Microsoft trekt besmette repositories terug
In een onverwachte wending heeft Microsoft tientallen open‑source projecten op GitHub tijdelijk offline gehaald nadat duidelijk werd dat kwaadwillenden code hadden geïnjecteerd die wachtwoorden en andere gevoelige inloggegevens stal. De getroffen repositories, veelal onderdeel van de Azure‑cloudsuite en tools die AI‑ontwikkelaars gebruiken, werden onmiddellijk gedeactiveerd terwijl een onderzoek loopt.
Hoe de aanval plaatsvond
Security‑bedrijven Cloudsmith en OpenSourceMalware waren de eersten die de kwaadaardige code signaleerden. De malware was ingebed in populaire ontwikkeltools – waaronder de CLI van Gemini, Claude Code en onderdelen van VS Code – en werd geactiveerd zodra een gebruiker het geïnfecteerde pakket opende in een AI‑ontwikkelomgeving. Zodra de code draaide, werden de opgeslagen wachtwoorden en token‑gegevens naar een externe server gestuurd, waardoor hackers toegang kregen tot ontwikkelaars‑accounts.
Impact op ontwikkelaars en organisaties
Exacte cijfers over het aantal gedownloade pakketten zijn nog onbekend, maar Microsoft bevestigde dat meer dan zeventig projecten gedisableerd zijn. De meldingen op GitHub vermelden een “violation of GitHub’s terms of service”. Hoewel sommige repositories na een veiligheidscontrole al weer beschikbaar zijn, blijven andere offline totdat duidelijk is dat ze volledig gezuiverd zijn.

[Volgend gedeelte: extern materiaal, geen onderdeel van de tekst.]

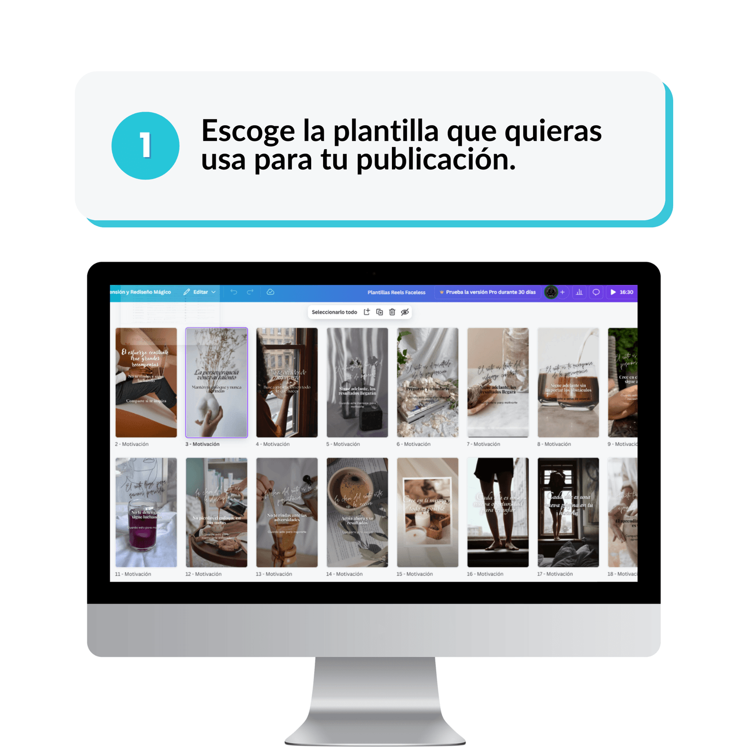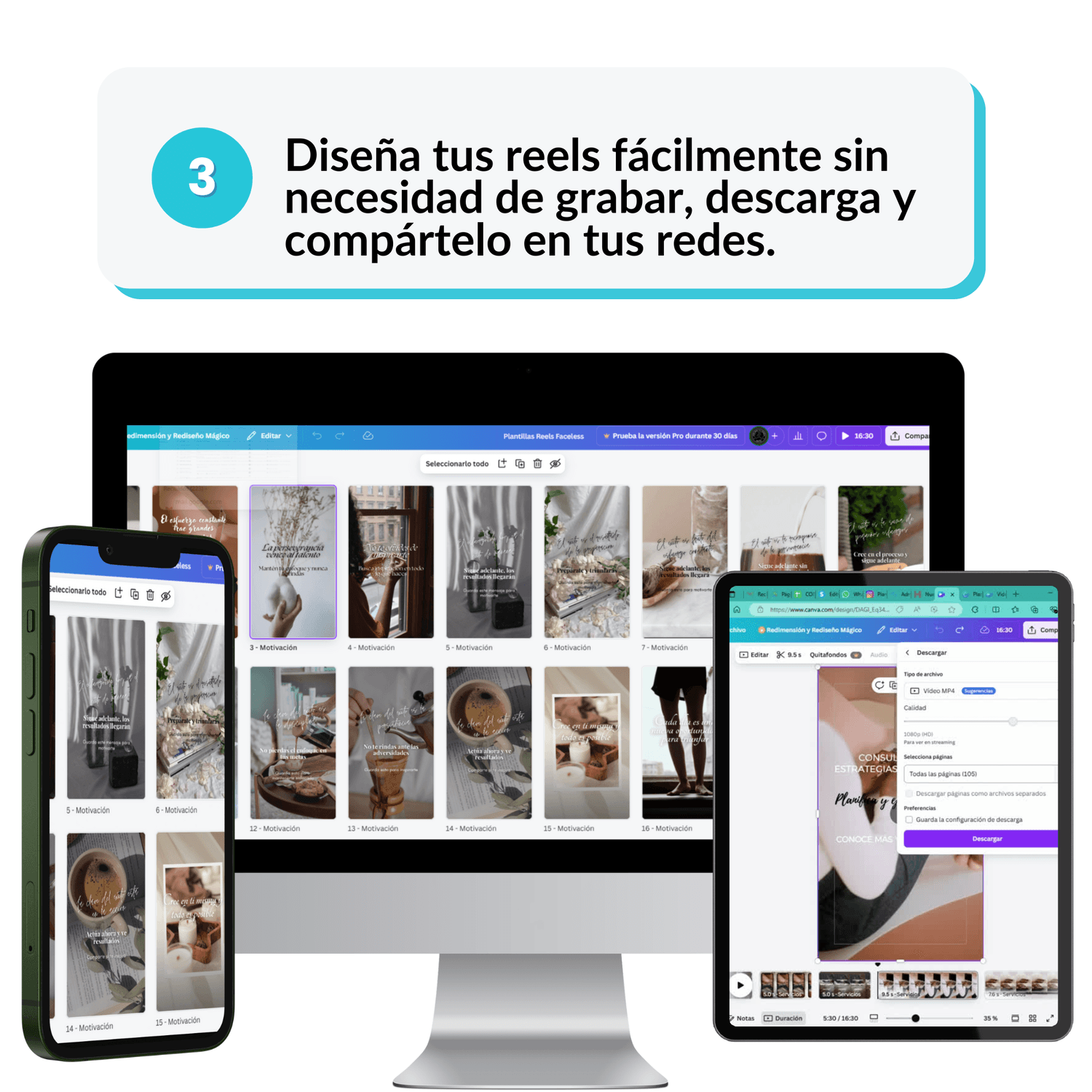Crea reels visualmente atractivos en5 minutoscon nuestras plantillas editables de Canva y NO necesitas la versión Pro.
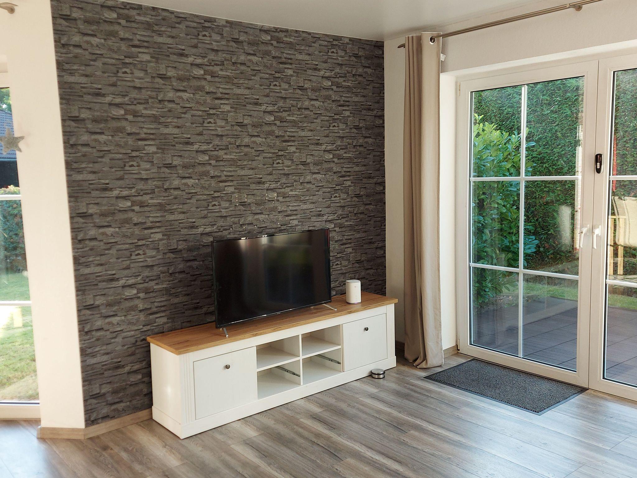 100 qm verteilt auf zwei Ebenen mit einer großzügigen Terrasse, die mit einer Markise überdacht werden kann, bietet dieses Friesenhaus viel Platz für die ganze Familie. Im Obergeschoss befinden sich zwei Schlafzimmer und ein modernes Badezimmer. Im Erdgeschoß ist das Wohnzimmer mit Essbereich und einer offenen Küche untergebracht. Von hier aus gelangen Sie auf die Terrasse. Im Erdgeschoss sind die Gästetoilette sowie ein Hauswirtschaftsraum zu finden. Die vollausgestattete Küche mit Toaster, Mikrowelle, Kühl-und Gefrierkombi, Geschirrspüler, Kapsel-Kaffeemaschine oder alternativ Kaffeefilter mit Kanne sowie einem Ceranfeldherd mit Backofen, lädt zum Zaubern von kulinarischen Genüssen ein. Mitgebrachte Fahrräder können im Abstellraum neben dem Carport eingeschlossen werden. Das Auto hat einen eigenen, überdachten Stellplatz (Carport) am Haus.
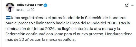 “Joma seguirá siendo el patrocinador de la Selección de Honduras para el proceso eliminatorio hacia la Copa del Mundo 2030. Tras la eliminación de United 2026, no llegó el interés de otra marca y la Federación continuará con Joma para el nuevo proceso. Honduras tiene más de 20 años con la marca española”, escribió Cruz en su cuenta de X.
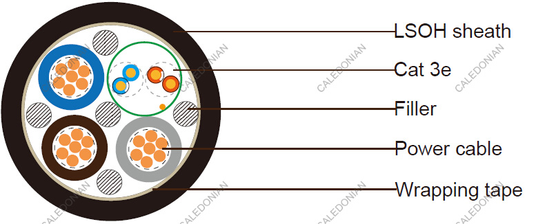 Cat3e+3x16AWG Power Cable LSZH Sheathed Unarmored Composite Cable
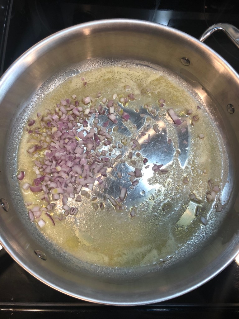 - Once the butter has melted, add in the shallots. Cook for 3-5 minutes until they begin to soften.
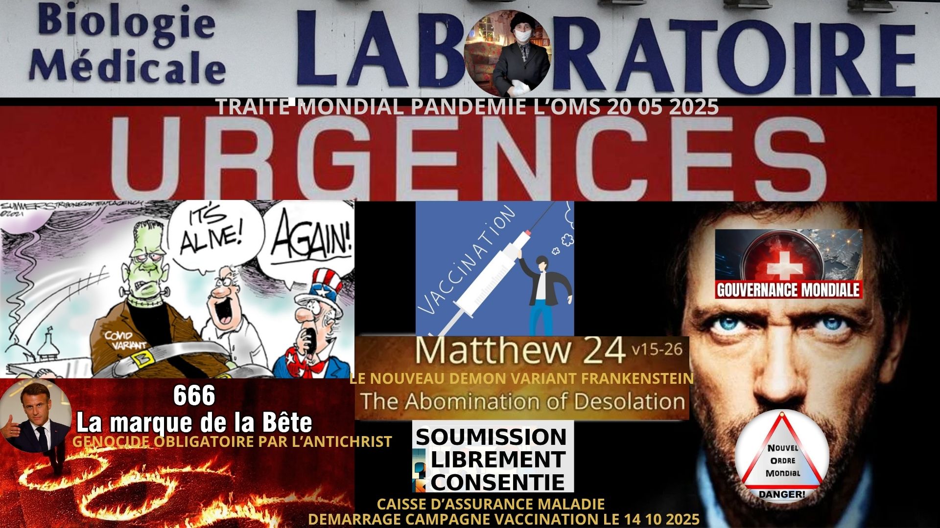 LE MONDE ENTIER VA CROIRE A LEUR MENSONGE, SAUF QUE A LA MOITIE DE LA SEMAINE, LES SACRIFICES VONT REPRENDRE, ILS VONT FAIRE L’INVERSE, NOTAMMENT AVEC LE DEMARRAGE, DE LA VACCINATION GRATUITE, POUR ATTIRER LES MOUTONS AVEC CE NOUVEAU FAUX VIRUS, LA COURONNE DE SATAN ( CORONAVIRUS ) LE VARIANT FRANKESTEIN, UNE SHOAH EN MARCHE LE 14 10 2025, APRES QUE L’OMS ORGANE GENOCIDAIRE, A MIS EN PLACE UN TRAITE MONDIAL, LE 20 05 2025 SUR UNE NOUVELLE PANDEMIE, TOUJOURS LES SERIES ET EMISSIONS A LA TELEVISION VONT PROGRAMMER LES ESCLAVES A AGIR, COMME DES BLAIREAUX A SUIVRE DES DICTATEURS MACHINES, EN ENFER.
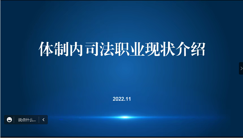 缪成学长现就职于安徽省人民检察院,有着刑事检察、职务犯罪侦查、政策研究、新媒体宣传、信息技术等多个岗位工作经历,他围绕司法职业现状、体制内司法机关的一点两面、体制内工作岗位要求的转变、体制内就业路径的选择以及体制内跨平台流动的方法和路径五个方面展开,详细介绍了体制内司法职业现状。
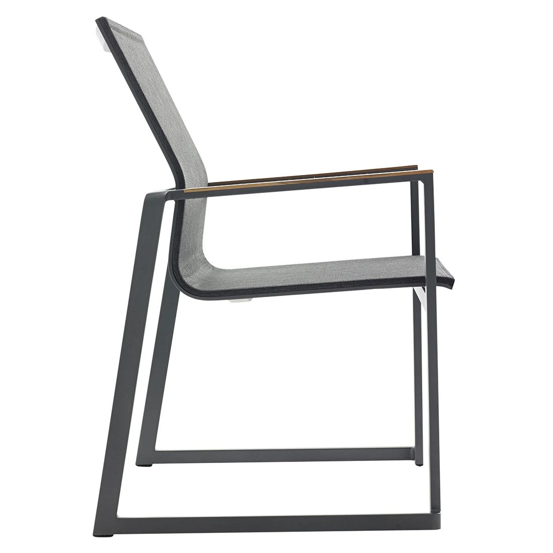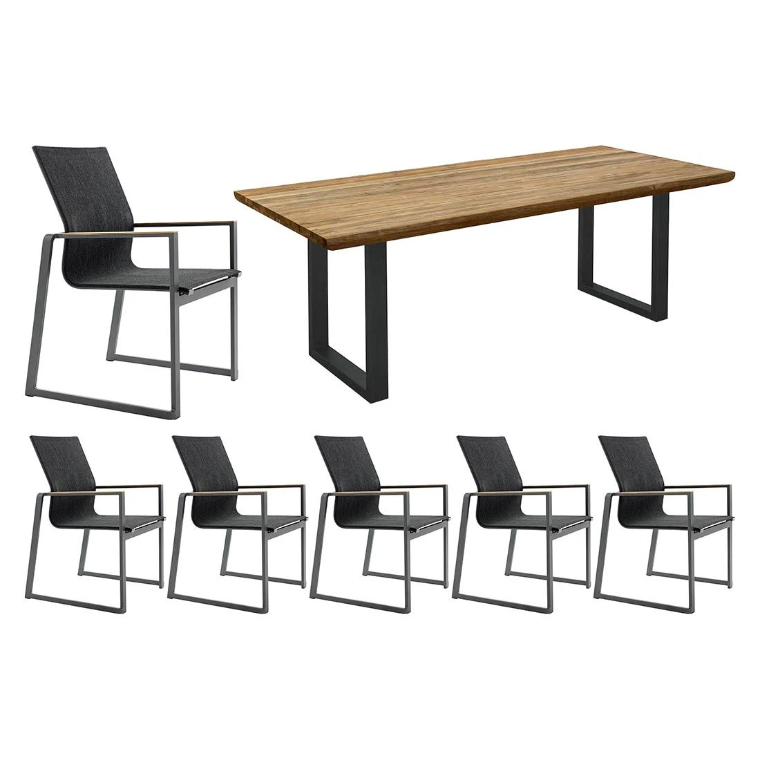 Die robusten Metallgestelle aus Aluminium sind pflegeleicht und garantieren gleichzeitig eine hohe Stabilität. Darüber hinaus gewährleistet dieses leichte Material, dass Sie die Möbel bequem transportieren können. Optisch ansprechend ist die Farbgebung der Gestelle in Anthrazit. Ein weiteres Highlight ist die Bespannung der Sitzflächen mit Textilene. Dieses Material zeichnet sich durch eine hohe Robustheit gegenüber Hitze und Frost aus und ist leicht zu reinigen. Die Farbgebung der Sitzfläche ist Coal. Im Setangebot enthalten ist auch ein passender Tisch. Die Platte wird aus recyceltem, also wiederverwertetem, Teakholz gefertigt. Hier werden bewusst alte Gebrauchsspuren wie Kerben oder Nagellöcher erhalten, so dass jeder Tisch ein wahres Unikat ist. Passend zum Gesamtbild des Gartenmöbel-Sets begeistert die Tischplatte mit ihrer Farbgebung in Natur. Der moderne Look des Gartenmöbel-Sets wird durch die attraktiven Kufen nochmals betont. Die Form des Tisches ist klassisch rechteckig gestaltet.
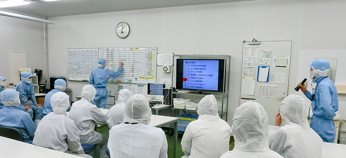 下の画像はセミナーで工場内の昼礼に参加していただいている場面です。
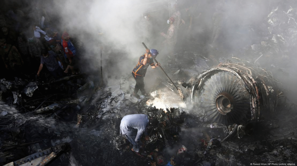 A scandal emerged after crash that killed 97 people in May 2020 when an aircraft crashed into a Karachi street. Image: Fareed Khan/AP Photo/picture alliance
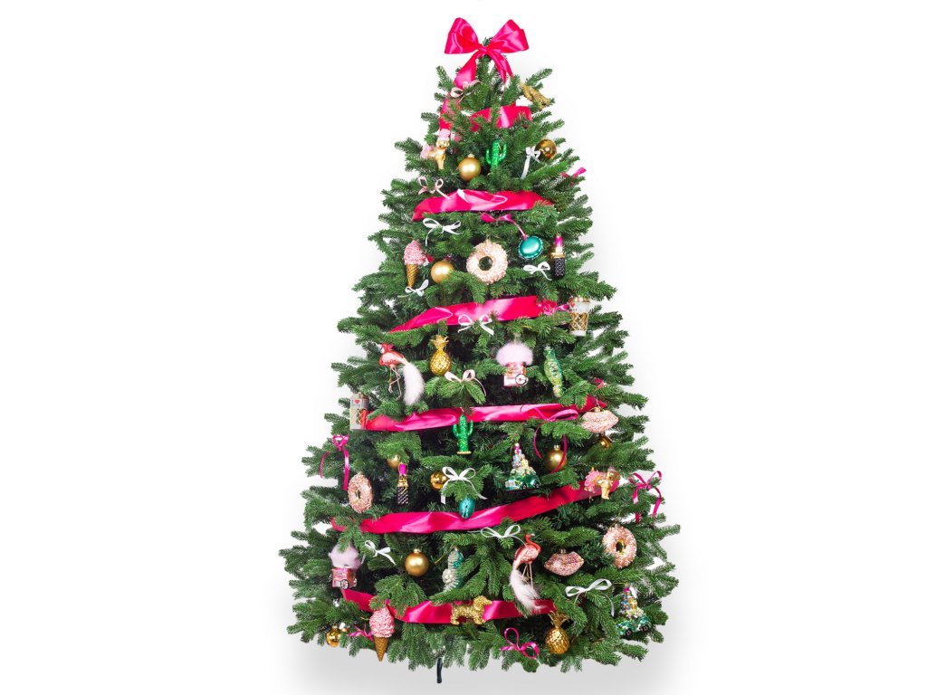 Ozdobený stromeček ŠŤASTNÉ A RŮŽOVÉ 180 cm

Voor bedrijven die zwaar leunen op Microsoft‑gebaseerde AI‑toolchains kan dit een serieuze risico‑analyse betekenen. Een compromitterende toegang tot cloud‑infrastructuur, broncode en klantgegevens kan zich snel uitbreiden, zeker bij supply‑chain aanvallen die gericht zijn op veelgebruikte bibliotheken.
Vergelijking met eerdere incidenten
Dit is niet de eerste hack op Microsoft‑open‑source tooling. Eind mei werd het project Durable Task, een component voor het bouwen van gedistribueerde applicaties, al eerder gecompromitteerd. Het recente voorval lijkt een “re‑compromise”, wat suggereert dat de aanvallers nog steeds een voet aan de grond hebben of dat er een geheel nieuwe inbraak is geweest. Het feit dat een gigant als Microsoft, met aanzienlijke beveiligingsbudgetten, toch slachtoffer wordt, onderstreept de toenemende sofistcatie van cybercriminelen.
Wat Microsoft nu doet
Microsoft‑woordvoerder Ben Hope gaf aan dat klanten die mogelijk getroffen zijn direct benaderd worden via de gebruikelijke supportkanalen. Het bedrijf blijft de situatie monitoren en heeft beloofd extra communicatie te sturen zodra er concrete acties nodig zijn. In de tussentijd adviseren security‑experts ontwikkelaars om hun wachtwoorden onmiddellijk te wijzigen, MFA in te schakelen en de authenticiteit van geïnstalleerde pakketten te verifiëren.
Vooruitzichten en lessen
Supply‑chain aanvallen laten zien hoe belangrijk een rigoureus software‑bill of materials (SBOM) en continue monitoring van derden‑code is. Organisaties moeten hun afhankelijkheden regelmatig scannen en vertrouwen op een zero‑trust benadering, zelfs binnen vertrouwde platformen. Het incident kan een wake‑up‑call zijn voor de hele industrie: open‑source is krachtig, maar het brengt ook inherente risico’s met zich mee die niet over het hoofd gezien mogen worden.